According to Fla. Stat. § 119.011(12) (2008), “public records” include “all documents, papers, letters, maps, books, tapes, photographs, films, sound recordings, data processing software, or other material, regardless of the physical form, characteristics, or means of transmission, made or received pursuant to law or ordinance or in connection with the transaction of official business by any agency.”

In a 2008 Florida Attorney General Advisory Legal Opinion, it was reaffirmed that “e-mail messages made or received by agency employees or officials in connection with official business are public records and are subject to disclosure in the absence of an exemption.” Op. Att’y Gen. 08-07 (2008). However, personal e-mail messages are not public records, even if placed on a government-owned computer system. State v. City of Clearwater, 863 So. 2d 149, 150 (Fla. 2003).

A January 2009 report by the Commission on Open Government Reform found that “the increased use of communications technology including personal computers and handheld devices has changed the nature of communication but it has not diminished the value of Florida’s open government laws or the need for public officials to consistently follow the law.” Commission on Open Government Reform, Final Report (Jan. 2009).

“E-mail communications between members of a commission are public record and must be retained by law. Such discussions may violate the open meetings law, which applies to any discussion of public business between two or more members of the same board or commission.” Also, “the use of private computers and personal e-mail accounts to conduct public business does not alter the public’s right of access to the public records maintained on those computers or transmitted by such accounts.”

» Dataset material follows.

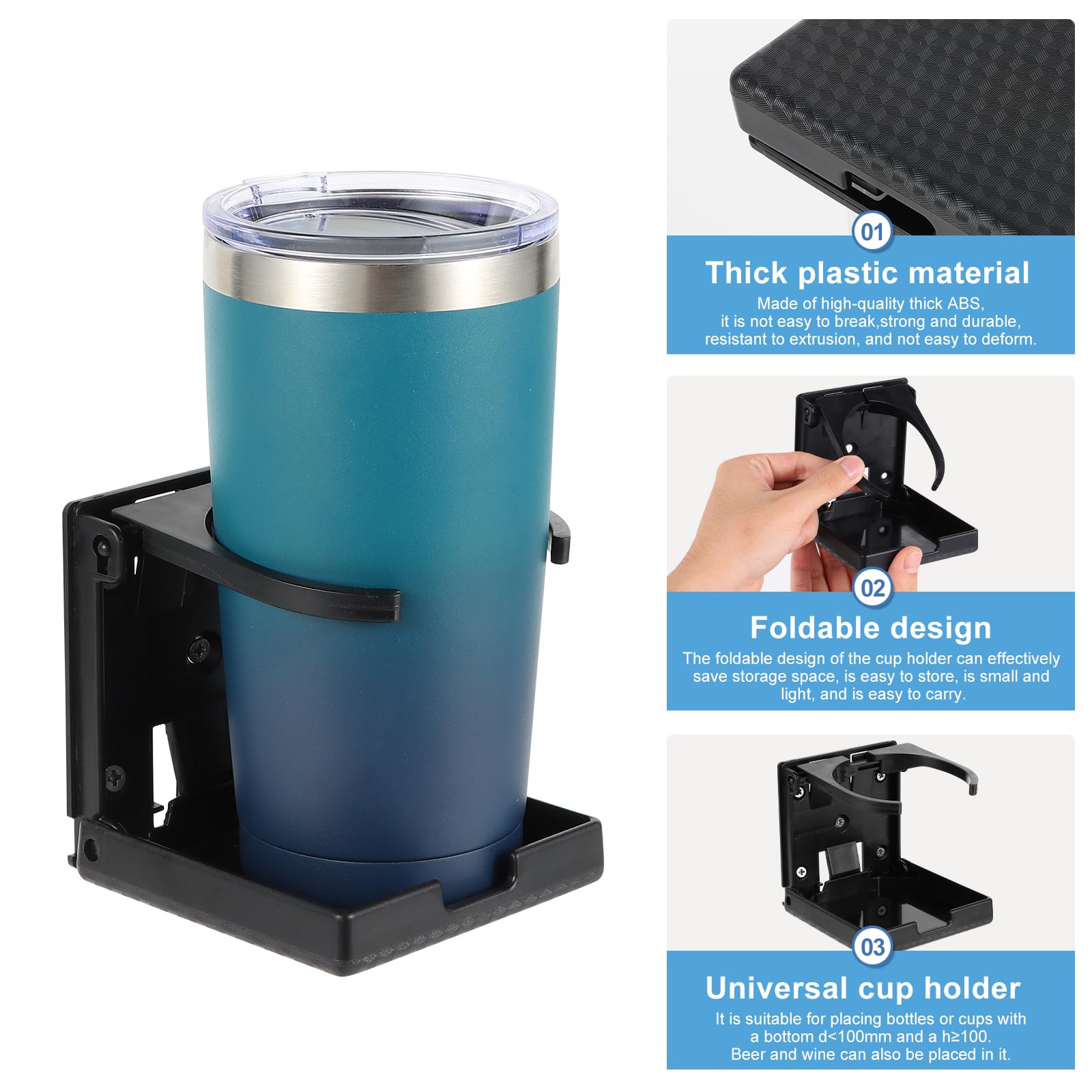 Vous en avez marre des gobelets qui se renversent en voiture ? Ce lot de 2 porte-gobelets est la solution ! En plastique ABS robuste et résistant aux UV, ils s'adaptent à presque toutes les boissons : gobelets, canettes, bouteilles jusqu'à 100 mm de diamètre. Le top ? Ils sont pliables : dépliés, ils mesurent 9,5 cm de haut ; pliés, seulement 2,3 cm ! Vous gagnez un max de place. L'installation est simple (10 vis fournies), sur n'importe quelle surface plane en voiture, fourgon, camping-car ou même bateau. Fixez-les près du siège, sur un mur... Fini les risques de renversement, bonjour les trajets tranquilles !

The commission noted, however, that retention issues were “less clear” when public officials or employees used portable handheld devices to send text or instant messages to each other. It said the public records law most likely did not apply to such messages because they are “transitory in nature” and “analogous to the spoken word.” However, a “discussion of public business between two members of the same collegial body using text or instant messaging technology is a clear violation of the open meetings law.”